Does Google miss these escapees? Of course, in addition to others who have migrated from the company to new AI startups. (Pichai reminded me, when I asked him about the transformer departures, that industry darling OpenAI also has seen defections: “The AI area is very, very dynamic,” he said.) But Google can boast that it created an environment that supported the pursuit of unconventional ideas. “In a lot of ways Google has been way ahead—they invested in the right minds and created the environment where we could explore and push the envelope,” Parmar says. “It’s not crazy that it took time to adopt it. Google had so much more at stake.”

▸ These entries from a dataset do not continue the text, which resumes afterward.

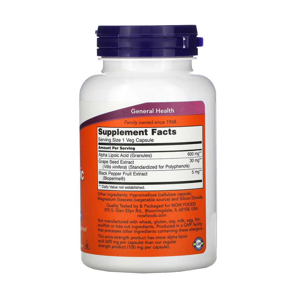 Ácido Alfa Lipóico 600mg Now Foods 120 Caps + Porta Cápsulas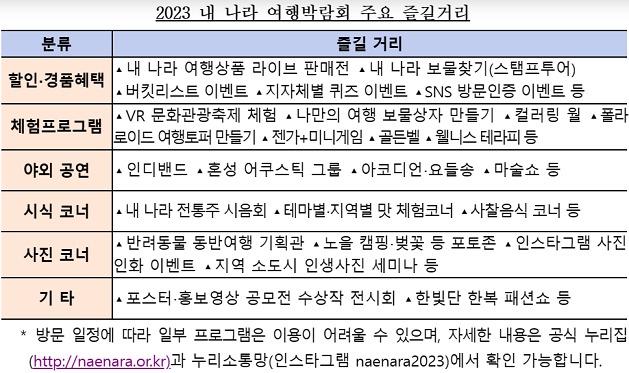 올해로 20회를 맞는 내 나라 여행박람회는 전국 지자체들이 한 자리에 모이는 국내 유일의 전국 박람회로, 2004년 1회 개최 이후 규모가 지속 성장하여 매년 10만여 명의 방문객이 찾는 국내 최대의 여행박람회이다. 올해 박람회에는 99개 기관이 참가하여 200여 개 부스를 운영해 우리나라 관광의 매력을 홍보할 예정이다.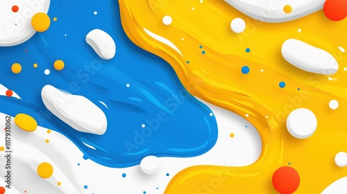Colorful Abstract Waves of Blue, Yellow, and White with Dots and Shapes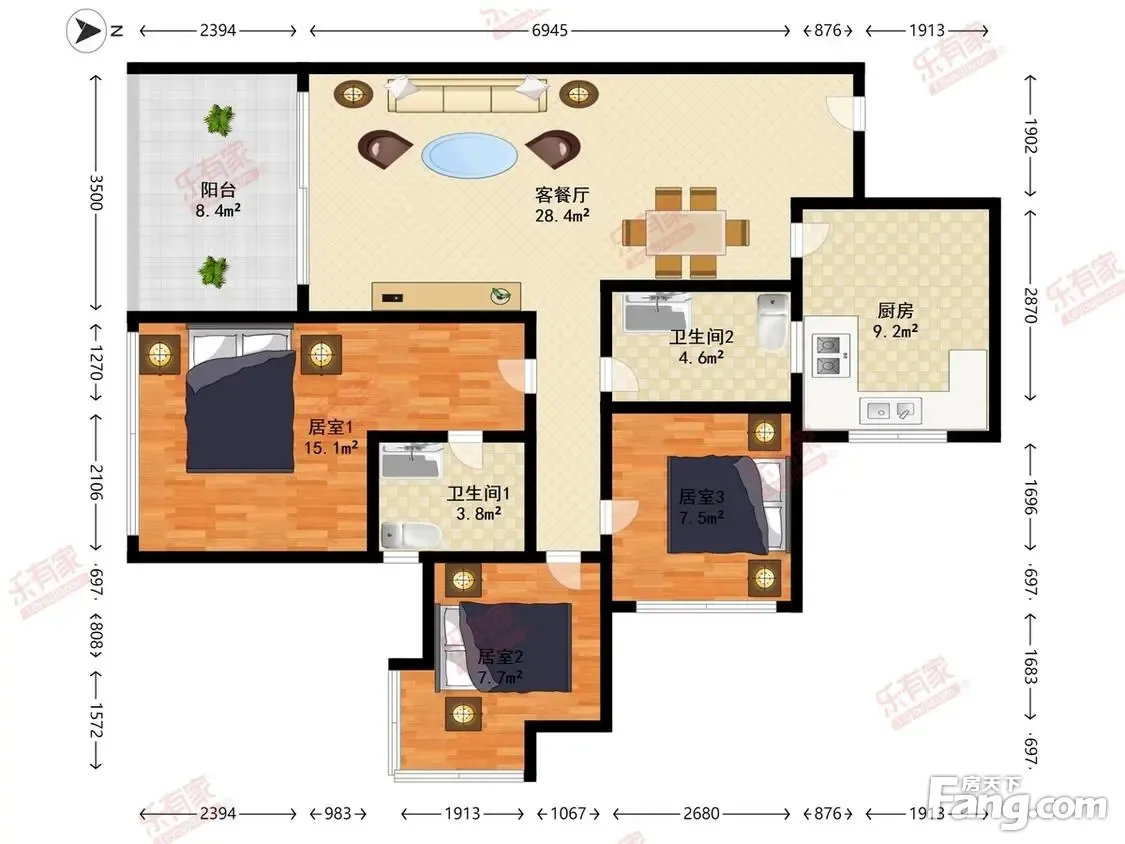 3室2厅1卫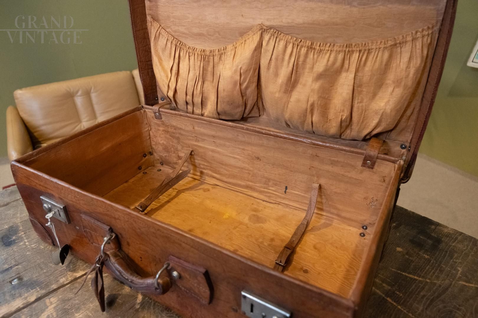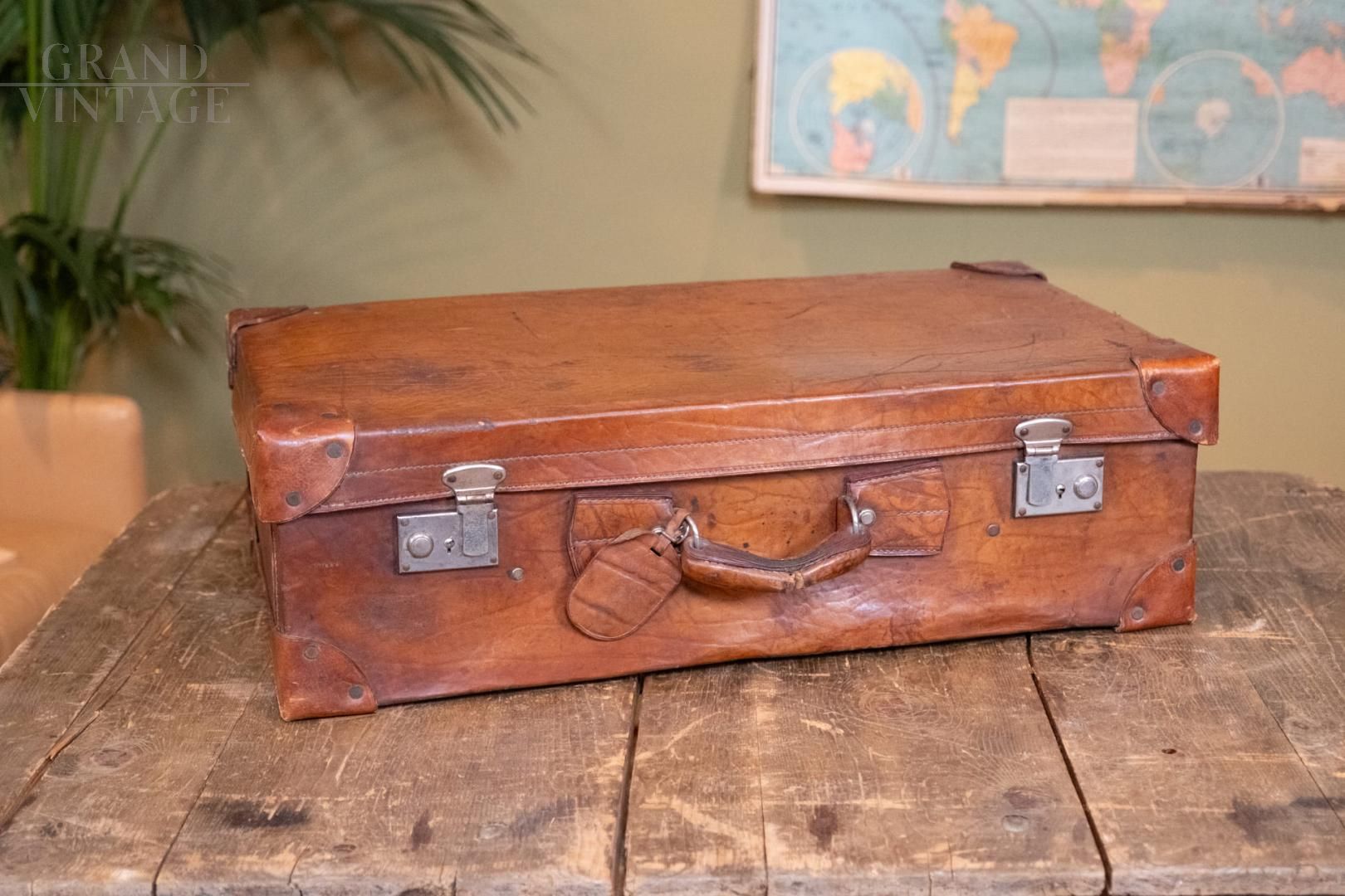 Elegant vintage suitcase in natural leather, with internal compartments and complete with key, perfect for those looking for a sophisticated and resistant accessory. A must for vintage lovers.

Without that environment: no transformer. Not only were the authors all Google employees, they also worked out of the same offices. Hallway encounters and overheard lunch conversations led to big moments. The group is also culturally diverse. Six of the eight authors were born outside the United States; the other two are children of two green-card-carrying Germans who were temporarily in California and a first-generation American whose family had fled persecution, respectively.

Uszkoreit, speaking from his office in Berlin, says that innovation is all about the right conditions. “It’s getting people who are super excited about something who are at the right point in their life,” he says. “If you have that and have fun while you do it, and you’re working on the right problems—and you’re lucky—the magic happens.”

Something magical also happened between Uszkoreit and his famous father. After all those dinner table debates, Hans Uszkoreit, his son reports, has now cofounded a company that is building large language models. Using transformers, of course.

Let us know what you think about this article. Submit a letter to the editor at [email protected] . Updated March 21, 2024, 10 pm EDT: This article was updated to correct the spelling of Alec Radford's name.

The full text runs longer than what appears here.